Breakthrough of Backward Push: If we define $f[u]$ as the expected total cost of reaching the endpoint from state $u$.
Clearly Defined Endpoint State: The cost from the endpoint $T$ to itself is evidently $0$, i.e., the boundary condition $f[T] = 0$ holds true.
Completely Detached from Probability Coupling: Since $f[u]$ describes the "future expectation," it is entirely unrelated to "how likely it was to reach state $u$ in the past." This successfully achieves state decoupling.

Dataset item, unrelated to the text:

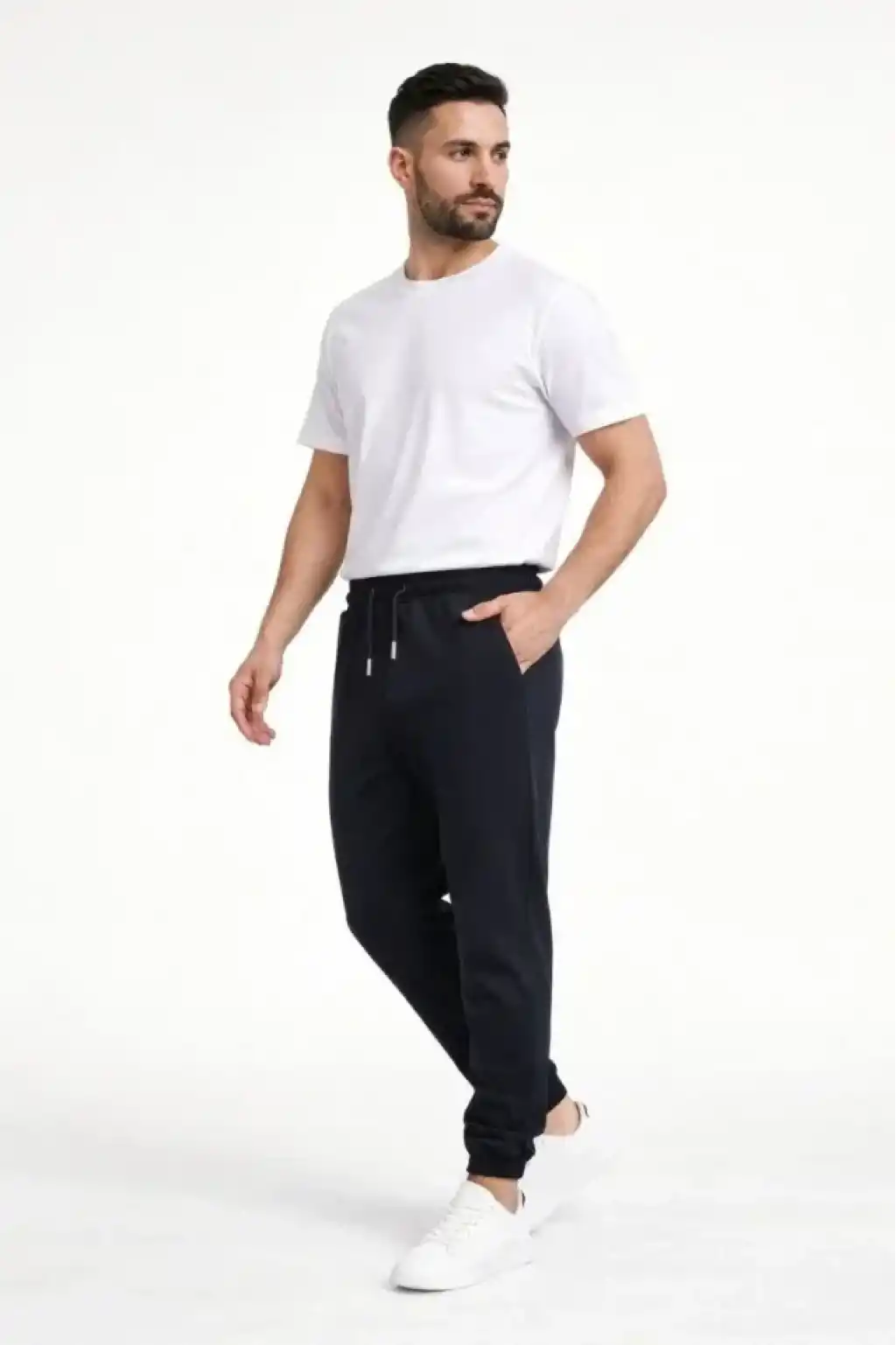 Erkek Jogger Eşofman Altı Rahat Kalıp, Cepli, Lastikli Paça, Günlük Spor Pantolon - Siyah

State Design and Algorithm Derivation

1. Backward Push on a DAG

If the state transition dependencies form a Directed Acyclic Graph (DAG), we can directly use reverse topological sorting (or memoized search) to fill the table starting from the endpoint $T$.

State Equation:

$$f[u] = \sum_{(u, v) \in E} p(u \to v) \cdot (f[v] + w(u \to v))$$

2. Expectation DP with "Self-Loops/Cycles" and Gaussian Elimination

Many expectation problems exhibit characteristics of "staying in place" or "state cycles" (for example: if the dice roll is incorrect, one stays in place, or one randomly walks on a graph). In this case, the state transition equation will exhibit cyclic dependencies, meaning that the algebraic expression for $f[u]$ contains $f[u]$ itself or other mutually dependent unknowns, making it impossible to fill the table in a straightforward manner.

Breakthrough Strategies:

Simplification of Single-Point Self-Loops: If there is only a transition from the current state to itself (with probability $p_{\text{self}}$), perform algebraic substitution directly.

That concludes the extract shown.